───── Provided material ─────

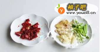 3干辣椒切段,葱、姜、蒜切片。
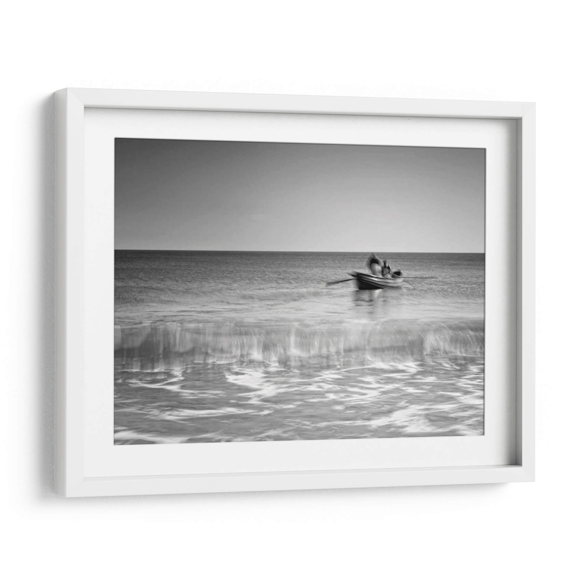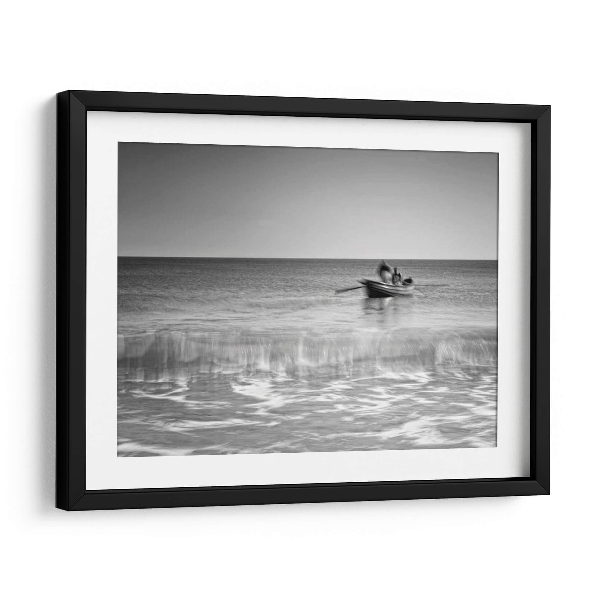 Capte la serenidad y la belleza atemporal del mar con "Los Pescadores" de Martin Henson. Esta obra maestra en blanco y negro captura un momento de quietud y dedicación, mostrando a dos figuras en una pequeña embarcación remando a través de aguas tranquilas. La composición, con el horizonte nítido dividiendo el cielo sereno y el océano vasto, crea una sensación de paz y contemplación. Las texturas fluidas del agua, tratadas con un enfoque que evoca el impresionismo, añaden profundidad y movimiento a la escena. "Los Pescadores" es más que una simple imagen; es una invitación a reflexionar sobre la conexión humana con la naturaleza y la perseverancia. Su paleta monocromática la convierte en una adición versátil para cualquier espacio, aportando un toque de sofisticación y calma. Ideal para salas de estar, dormitorios o estudios, este cuadro decorativo de Martin Henson transformará su entorno, ofreciendo un escape visual y un recordatorio de la belleza encontrada en los momentos sencillos de la vida. Incorpore la tranquilidad del océano en su hogar con esta pieza excepcional.
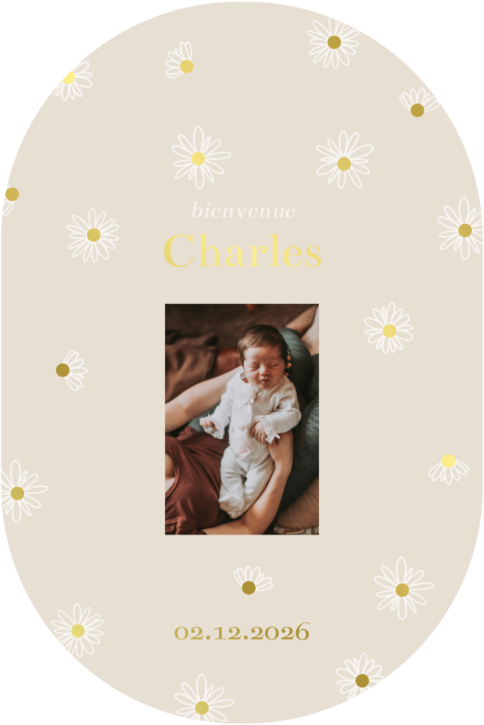 Faire-part de naissance oval avec des fleurs, et des dorures.
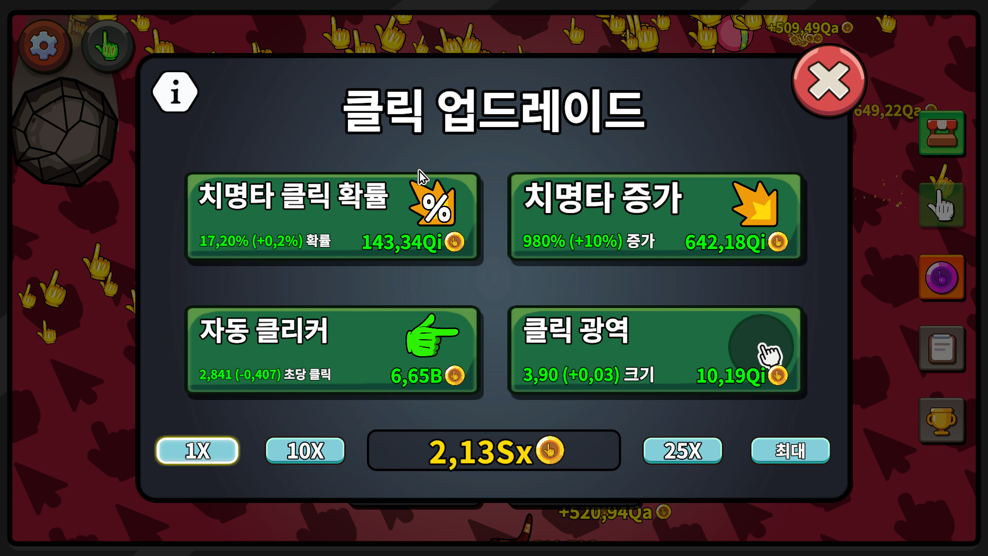영구 업그레이드를 구매하는데 사용하는 클릭센션 코인을 획득하기 위해 게임을 초기화 및 상승해 보십시오. 클릭센션 업그레이드는 끝이 없기 때문에, 원하는 만큼 게임을 계속해서 진행할 수 있게 합니다.
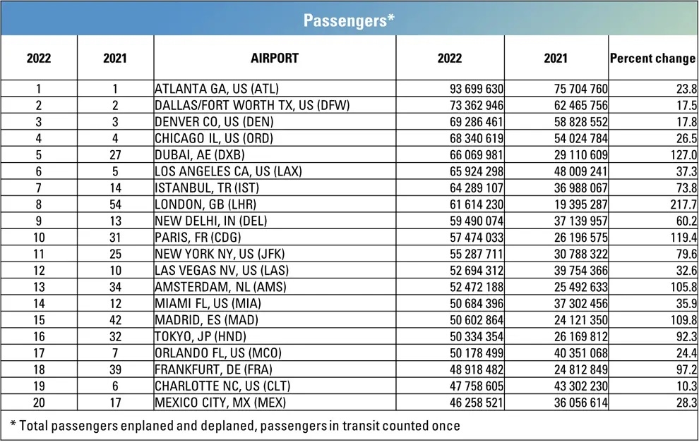 (钟韵/ 采访报道)国际机场理事会昨(19)日发布了最新的全球机场流量数据报告。报告显示,2022年全球机场客流量超过66亿人次,国际航空市场复苏良好;报告并发布了前20名全球最繁忙机场,在客运方面,美国机场占据半壁江山,其中,亚特兰大机场拔得头筹。

─────

Write the records out exactly, dropping every image.

■ **Response to the task**
 3干辣椒切段,葱、姜、蒜切片。
 Capte la serenidad y la belleza atemporal del mar con "Los Pescadores" de Martin Henson. Esta obra maestra en blanco y negro captura un momento de quietud y dedicación, mostrando a dos figuras en una pequeña embarcación remando a través de aguas tranquilas. La composición, con el horizonte nítido dividiendo el cielo sereno y el océano vasto, crea una sensación de paz y contemplación. Las texturas fluidas del agua, tratadas con un enfoque que evoca el impresionismo, añaden profundidad y movimiento a la escena. "Los Pescadores" es más que una simple imagen; es una invitación a reflexionar sobre la conexión humana con la naturaleza y la perseverancia. Su paleta monocromática la convierte en una adición versátil para cualquier espacio, aportando un toque de sofisticación y calma. Ideal para salas de estar, dormitorios o estudios, este cuadro decorativo de Martin Henson transformará su entorno, ofreciendo un escape visual y un recordatorio de la belleza encontrada en los momentos sencillos de la vida. Incorpore la tranquilidad del océano en su hogar con esta pieza excepcional.
 Faire-part de naissance oval avec des fleurs, et des dorures.
영구 업그레이드를 구매하는데 사용하는 클릭센션 코인을 획득하기 위해 게임을 초기화 및 상승해 보십시오. 클릭센션 업그레이드는 끝이 없기 때문에, 원하는 만큼 게임을 계속해서 진행할 수 있게 합니다.
 (钟韵/ 采访报道)国际机场理事会昨(19)日发布了最新的全球机场流量数据报告。报告显示,2022年全球机场客流量超过66亿人次,国际航空市场复苏良好;报告并发布了前20名全球最繁忙机场,在客运方面,美国机场占据半壁江山,其中,亚特兰大机场拔得头筹。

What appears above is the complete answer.